Keywords: Virulence; Drug resistant; tuberculosis; Genomics; Proteomics
tuberculosis (TB), is the oldest infectious disease caused by a bacterium called Mycobacterium tuberculosis (MTB), that most commonly infects the lungs. It is transmitted from person to person via droplets from the throat and lungs of people with the active respiratory disease. Even after decades of discovery of MTB, TB infection remains a main cause for extensive morbidity and mortality. One in three of the world’s population is considered to be infected with MTB, with 9.6 million people are estimated to have active TB infection in 2014 amongst which 12% were HIV-positive. Further, of the 4,80,000 cases of multidrug-resistant TB (MDR-TB) estimated to have occurred in 2014, only about a quarter of these -1,23,000 were detected and reported . Outbreaks of extensively drug-resistant (XDR) tuberculosis have also been an increasing threat in certain regions around the world . Even if MTB is very virulent, there is no simple answer found so far, that explains for the virulence of this organism. In course of time, this pathogenic organism has been evolved into different resistant strains with diverse genotype, phenotype and pathogenic properties. However, recent studies about MTB propose very little diversity in its genomic sequence [3,4].
All the strains of MTB have developed several mechanisms to survive inside the host environment. First, MTB enters into the macrophages via cell surface molecules, including those of the integrin family CR1 and CR3 complement receptors . Subsequently, after engulfment by macrophages, most tubercle bacilli are directed to phagolysosomes . Then MTB bacilli bud out from the fused phagolysosomes into vacuoles which further fail to fuse to the secondary lysosomes and thus escape from lysosomal killing. Due to this mechanism MTB bacilli able to reside temporarily in the phagolysosome which stimulate a response to the intracellular environment in MTB that helps its long-term survival and reproduction . The dormancy or latency of MTB allows the bacterium to escape the activated immune system of the host. Though the detailed mechanisms by which MTB enters into the host cell, circumvents host defenses and reaches to neighboring cell are not fully understood, it has developed different effective survival approaches for surviving effectively in the host environment, which includes (a) The inhibition of phagosome-lysosome fusion; (b) The inhibition of phagosome acidification; (c) The recruitment and retention of tryptophan aspartate containing coat protein on phagosomes to prevent their delivery to lysosomes; and (d) The expression of members of the host-induced repetitive glycine-rich protein family of proteins .

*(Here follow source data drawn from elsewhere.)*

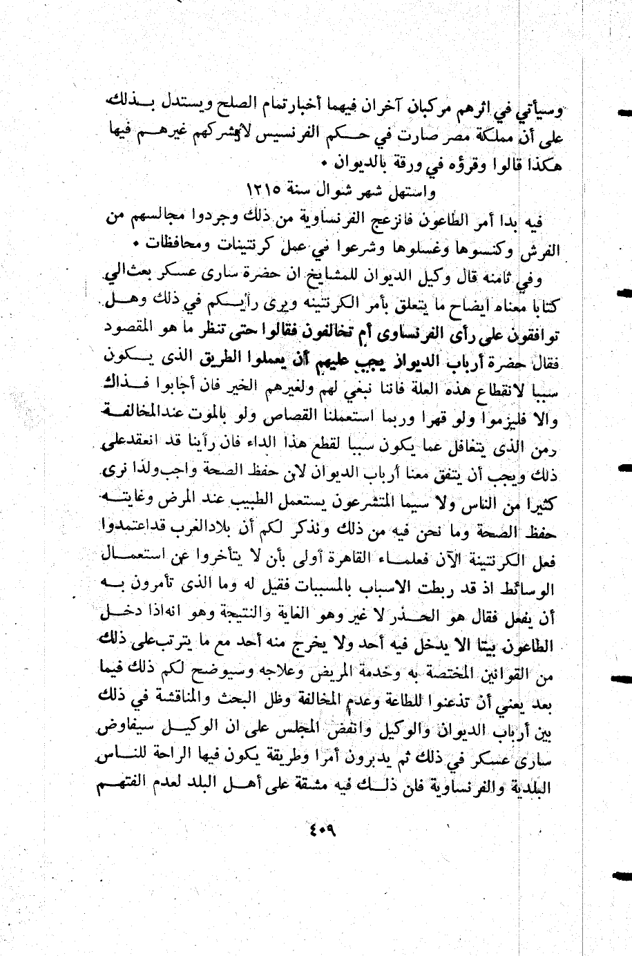 وفي ثامنه قال وكيل الديوان للمشايخ أن حضرة سارى عسكر بعث إلى كتابا معناه أيضاح ما يتعلق بأمر الكرنتينه ويرى رأيكم في ذلك وهل توافقون على رأي الفرنساوي أم تخالفون فقالوا حتى تنظر ما هو المقصود فقال حضرة أرباب الديوان يجب عليهم أن يعملوا الطريق الذي يكون سببا لانقطاع هذه العلة فاننا نبغي لهم ولغيرهم الخير فإن أجابوا فذاك والا فليزموا ولو قهرا وربما استعملنا القصاص ولو بالموت عند المخالفة ومن الذي يتغافل عما يكون سببا لقطع هذا الداء فإن رأينا قدانعقد على ذلك ويجب أن يتفق معنا أرباب الديوان لأن حفظ الصحة واجب ولذا نرى كثيرا من الناس ولا سيما المتشرعون يستعمل الطبيب عند المرض وغايته حفظ الصحة وما نحن فيه من ذلك ونذكر لكم أن بلاد الغرب قد اعتمدوا فعل الكرنتينة الآن فعلماء القاهرة أولى بأن لا يتأخروا عن استعمال الوسائط إذ قد ربطت الأسباب بالمسببات فقيل له وما الذي تأمرون به أن يفعل فقال هو الحذر لا غير وهو الغاية والنتيجة وهو أنه إذا دخل الطاعون بيتا إلا يدخل فيه أجد ولا يخرج منه أجد مع ما يترتب على ذلك من القوانين المختصة به وخدمة المريض وعلاجه وسيوضح لكم ذلك فيما بعد يعني أن تذعنوا للطاعة وعدم المخالفة وظل البحث والمناقشة في ذلك بين أرباب الديوان والوكيل وانفض المجلس على أن الوكيل سيفاوض سارى عسكر في ذلك ثم يدبرون أمرا وطريقة يكون فيها الراحة للناس البلدية والفرنساوية فإن ذلك فيه مشقة على أهل البلد لعدم الفتهم
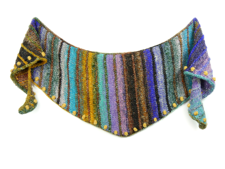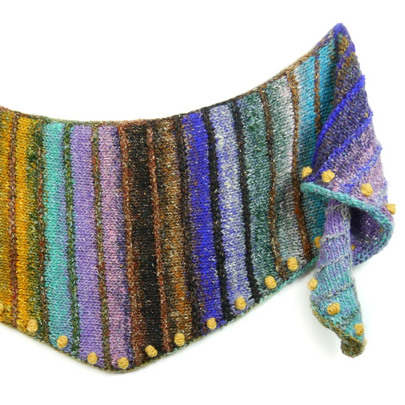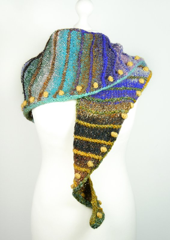 Oh, if I could only resist all those stock clearings, especially with gradient yarn! As I guess I am not the only one, I wanted to design something easy to use up any rather small amount of gradients, that is not enough for a pullover but too much for a hat. Designed for using up these two skeins (200g g) of NORO OBI yarn or any other variegated and rather thick yarn that still hides in your cupboard, SNUGGLY SNUGGLE is a real stash buster. I love NORO yarns, but I always have the feeling that I have to tame them a little – here I added small garter ribs to frame the bold colour blocks. A quick and easy knit, the shawl with its elongated crescent shape makes a great present. Beginners who want to learn something new will like the step-by-step instructions. Crocheted bobbles add fun, but if you find them too playfull, just skip them.
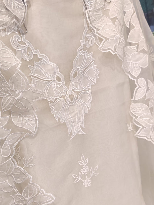 ATHARVA Hand Cutwork Salwar Kameez/Chanderi Cut-Work Shirt & Dupatta/Santoon Bottom/Custom Stitch Unstitch/Plazo/Pant/CUT8027P
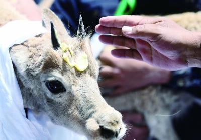 ▲ 7月7日,在可可西里索南达杰保护站野生动物救助中心,可可西里巡山队员按照风俗,在藏羚羊额头上涂抹酥油表达祝福。
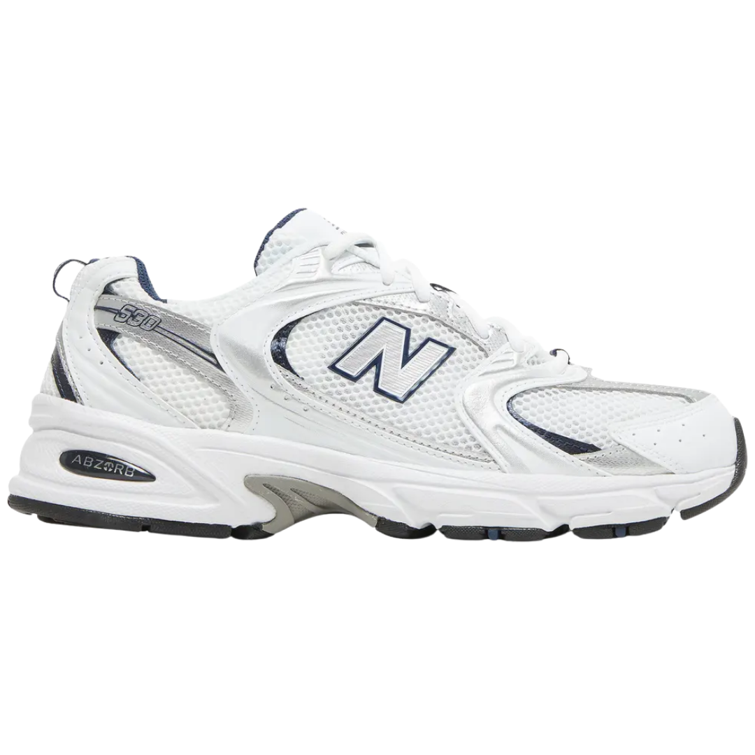 This iteration of the New Balance 530 features a white mesh upper, complemented by metallic silver and white synthetic and leather overlays. The design emphasizes breathability, key for comfort during wear. The midsole integrates ABZORB cushioning in the heel alongside an ENCAP midsole, providing both support and impact absorption. A durable rubber outsole ensures reliable traction, solidifying its performance-oriented design.
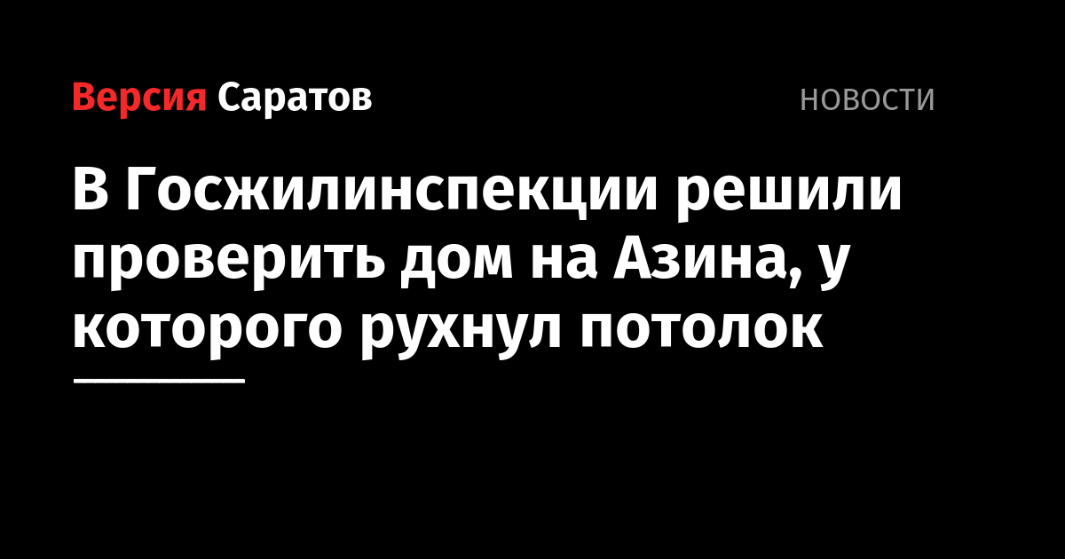 Специалисты Государственной жилищной инспекции осмотрят дом № 55а по улице Азина в Саратове, где вчера обрушился потолок. Об этом корреспонденту ИА "Версия-Саратов" рассказали в пресс-службе проверяющей инстанции. "Жилым домом, согласно реестру лицензий, управляет ООО "Наш Дом", - сообщили в инспекции.
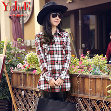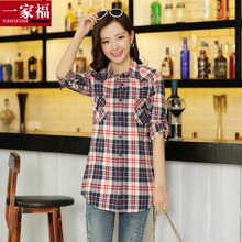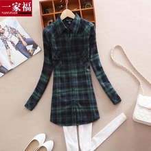 2016春秋格子衬衫女中长款韩版修身时尚百搭纯棉磨毛打底衬衣上衣
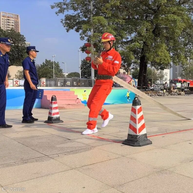 通过前期扎实的基本功训练,参赛队员面对全新环境迅速作出反应,完成穿戴服装、铺设水带、扑灭险情等操作,脱颖而出取得好成绩。
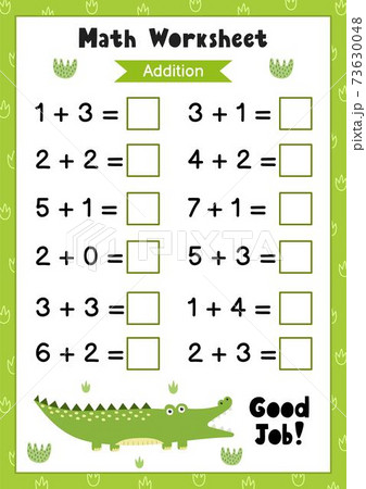 Math worksheet for kids. Addition. Matematic activity page with a cute alligator
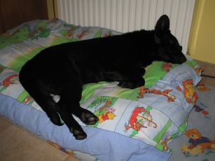 Betten aufm Boden an. Hundekissen! Aha. Schön weich. Und warm.
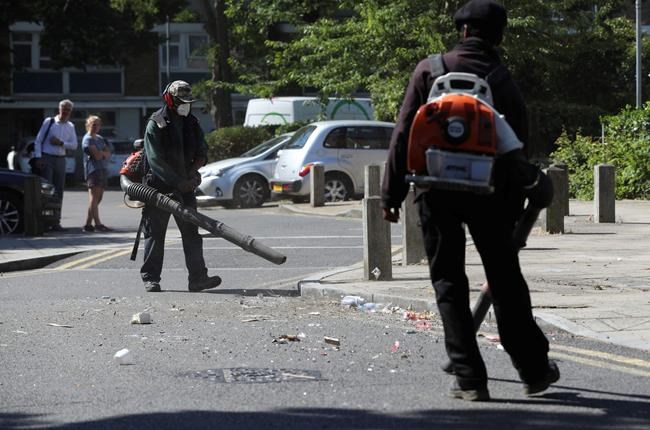 Kensington and Chelsea Police said a gathering in Notting Hill in west London was dispersed by around 2 a.m. Friday. And though there were no confirmed reports of serious injury, it said objects had been thrown at police officers.
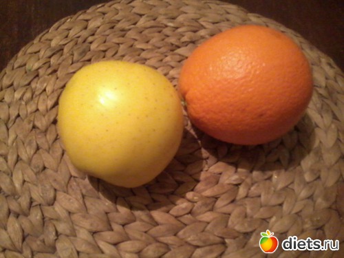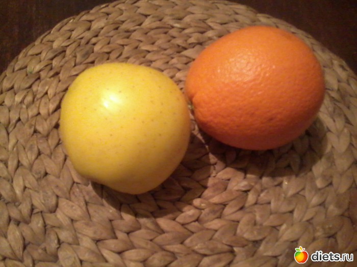 из фруктов были яблоко и апельсин плюс зеленый чай

Further, there are many genes of MTB are reported to be associated with pathogenesis and virulence. The protein codes by mce gene of MTB has the ability to invade HeLa cells and survive within the host macrophages  which suggests that this gene is involved in the invasion of host tissues . The MTB erp gene which codes a secretory protein helps in survival of microorganism in host macrophages . The iron-regulated genes of gram negative bacteria are reported as important factors for virulence  and the MTB also synthesizes two distinct iron-regulated siderophores  which helps in the growth and survival during the course of infection. Further, the fad D33 gene, encoding an acyl-coenzyme a synthase, plays a vital role in MTB virulence .
The complete genome sequence information [14,15] of different MTB strains, have provided valuable understanding of its biology. The accessibility of the genomic and proteomic information of MTB combined with high-throughput technologies might open the new landscape for the development of novel diagnostic techniques, better vaccine and drugs against TB  With the decreased expenses of genome sequencing technology  and advancement in functional genomics & molecular biology, whole genome sequence information of different strains of MTB has been released and available in the public domain. As of June 2016, complete genome sequence of several clinical and laboratory strains of MTB are available at “National Center for Biotechnology Information (NCBI)” (Table 1).
|Organism Name||Strain||Size (Mb)||GC%||Genes||Proteins|
|Mycobacterium tuberculosis H37Rv||H37Rv||4.41153||65.6||4008||3906|
|Mycobacterium tuberculosis CDC1551||CDC1551||4.40384||65.6||4113||3964|
|Mycobacterium tuberculosis H37Ra||H37Ra; ATCC 25177||4.41998||65.6||4153||4069|
|Mycobacterium tuberculosis F11||F11||4.42443||65.6||4139||4043|
|Mycobacterium tuberculosisKZN 1435||KZN 1435||4.39825||65.6||4118||4014|
|Mycobacterium tuberculosisstr. Haarlem||Haarlem||4.40822||65.6||4112||4015|
|Mycobacterium tuberculosisKZN 4207||KZN 4207||4.39499||65.6||4115||4028|
|Mycobacterium tuberculosisKZN 605||KZN 605||4.39912||65.6||4122||4016|
|Mycobacterium tuberculosisstr. Erdman = ATCC 35801||Erdman (ATCC35801)||4.39235||65.6||4129||4010|
|Mycobacterium tuberculosisstr. Beijing/NITR203||Beijing/NITR203||4.41113||65.6||4141||3937|
|Mycobacterium tuberculosisstr. Kurono||Kurono||4.41508||65.6||4139||4054|
|Mycobacterium tuberculosisH37Rv||H37Rv; TMC 102||4.39612||65.6||4135||4023|
|Mycobacterium tuberculosis||SCAID 187.0||4.37951||65.6||4099||3994|
|Mycobacterium tuberculosisstr. Haarlem/NITR202||Haarlem /NITR202||4.40479||65.6||3730||3681|
Table 1: Different strains of Mycobacterium tuberculosiscompletely sequenced so far.
The phylogenetic tree (Figure 1) obtained by taking the whole genome of these strains using MAFFT multiple sequence alignment software version 7  revealed the genetic divergence among them. Although, these strains are phenotypically and genotypically different from each other and have different virulent power, they cause the same disease in humans.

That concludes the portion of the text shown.